Semua badan usaha jasa konstruksi (BUJK) harus mengikuti peraturan tersebut dan apabila melakukan pelanggaran maka ada sanksi yang dikenakan.
Sanksi itu mulai dari teguran lisan, masuk black list, hingga pencabutan status badan hukum. Nantinya sanksi yang diberikan tergantung pada tingkat kesalahan BUJK yang bersangkutan.
Namun, menurut Direktur Jenderal Bina Konstruksi Kementerian PUPR Syarif Burhanuddin, hingga saat ini belum ada BUJK yang mendapat sanksi akibat pelanggaran yang dilakukan.
“Belum ada,” ucap Syarif saat dihubungi Kompas.com, Selasa (13/11/2018).
Dia menambahkan, saat ini terdapat 126.000 BUJK di Indonesia yang terdiri dari badan usaha milik negara (BUMN) dan perusahaan swasta.
Syarif mengharapkan semua badan usaha itu menaati regulasi yang ada dan kesepakatan yang dibuat bersama sehingga tidak terjadi kecelakaan kerja, dan K3 di proyek konstruksi tetap terjamin.
“Harapannya zero accident.

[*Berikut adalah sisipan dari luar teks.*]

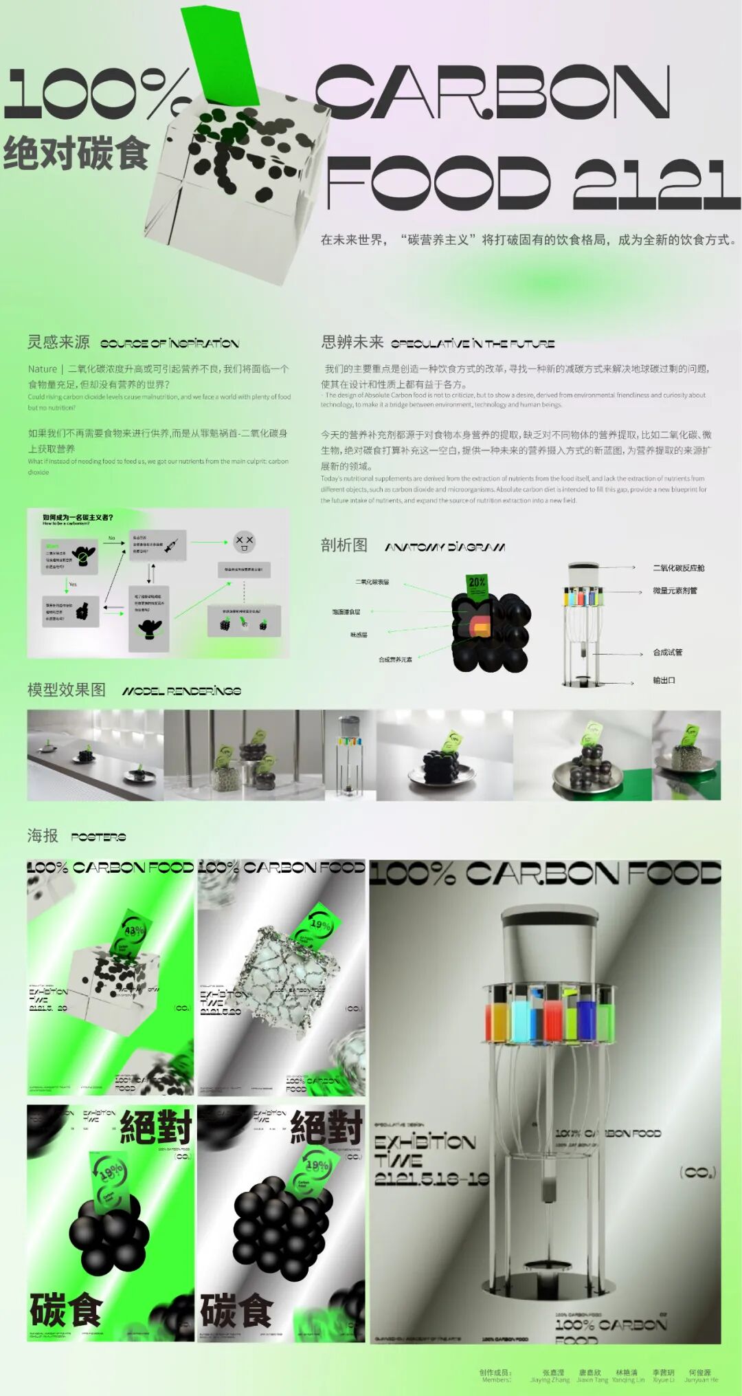 作品简介:根据杂志Nature指出,未来二氧化碳浓度升高或可引起营养不良。如果我们能够从罪魁祸首--二氧化碳中获取营养呢?今天的营养补充剂都源于对食物本身营养的提取,绝对碳食打算补充这一空白,提供一种新型的营养摄入方式,为营养提取的来源扩展新的领域。

Kalau dilakukan secara serius dan disiplin maka diyakini tidak akan terjadi,” ujar Syarif.
Sebelumnya diberitakan, sebanyak 60 peserta dari level direksi dan manajemen pada 11 badan usaha milik negara (BUMN) di bidang jasa konstruksi menandatangani komitmen K3 konstruksi pada Selasa (13/11/2018), di Jakarta.
Penandatanganan ini diadakan oleh Kementerian PUPR sebagai wujud perhatian terhadap K3 pada setiap proyek konstruksi yang dikerjakan.
Ke-11 BUMN yang hadir dalam penandatanganan tersebut yakni PT Adhi Karya (Persero) Tbk, PT Hutama Karya (Persero) Tbk, PT Indra Karya (Persero), PT Indah Karya (Persero), PT Yodya Karya (Persero), dan PT Amarta Karya (Persero).
Kemudian, ada pula PT PP (Persero) Tbk, PT Waskita Karya (Persero) Tbk, PT Bina Karya (Persero), PT Nindya Karya (Persero), dan PT Wijaya Karya (Persero) Tbk.